As the Waitangi Tribunal noted in its 1987 Muriwhenua report: "From the Treaty as a whole it is obvious that it does not purport to describe a continuing relationship between sovereign states. Its purpose and effect was the reverse - to provide for the relinquishment by Maori of their sovereign status and to guarantee their protection upon becoming subjects of the Crown."
The tribunal's reference to the Treaty 'as a whole' is key. The Article Two guarantee of rangatiratanga must be understood in the context of the whole document. Iwi signed up to the whole Treaty, not just the second article. Article One establishes Crown sovereignty. In it chiefs agreed to 'give absolutely to the Queen of England forever the complete government over their land.' That's Professor Sir Hugh Kawharu's translation of the Maori version. It doesn't leave much room for manoeuvre.

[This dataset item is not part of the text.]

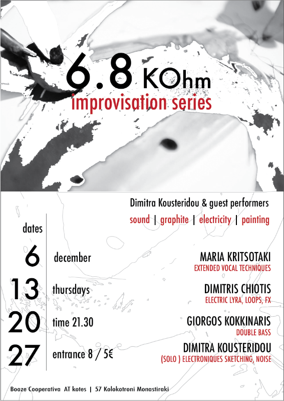 Στο πρώτο session του 6.8KOhm Improvisation series,η Δήμητρα Κουστερίδου (σκίτσο, electronics) και η Μαρία Κριτσωτάκη (αυτοσχεδιαστικά φωνητικά),που γνωρίστηκαν καλλιτεχνικά στην Ολλανδία,συναντιούνται ξανά σε έναν ελεύθερο ηχητικό διάλογο.Η δημιουργία του ντουέτου, εξερευνά τον ήχο μέσω του ελεύθερου αυτοσχεδιασμού, δοκιμάζοντας συχνότητες, υλικά και φωνή σκηνογραφικά, σε μια διερεύνηση της αλλοτρίωσης των αισθήσεων δημιουργώντας συναισθητικές εμπειρίες.

[Hugh] Kawharu's translation of Article Three is equally straightforward. Maori took on 'the same rights and duties of citizenship as the people of England.' The Court of Appeal reinforced this in a key 1987 judgment, stating 'For their part the Maori people have undertaken a duty of loyalty to the Queen, [and] full acceptance of her Government.' Ironically this judgment also introduced the Treaty partnership concept that is now so popular. Full acceptance of Crown sovereignty is less fashionable.
The key difference is that Fletcher, I think, sees the Clause Two promise or "rangatiratanga" as a collective one, to be exercised by chiefly rangatira; whereas McQueen more properly sees the promise as applying individually, as a property right that could be enjoyed individually.
Just as Magna Carta was an agreement between nobles and king that came to recognise and protect individual rights of all, even commoners, so too does the recognition and protection of rangatiranga when seen individually come to do the same thing -- protecting all individual rights equally:
The preamble to the 1840 Te Tiriti makes clear that its purpose was to create a settled form of government and to secure peace and good order.
Article One confers on the Crown sovereignty or kāwanatanga (the right to make laws and to govern).
Article Two protects property rights and is based on Magna Carta principles. Magna Carta aimed to protect the English nobilities’ property rights by limiting the Crown’s powers. It catalysed a dynamic relationship between property rights and political power that led to the emergence of the modern British democracy. It created a basis for human rights protection by linking it to property rights. Magna Carta established the principle that no one is above the law – it helped establish the rule of law.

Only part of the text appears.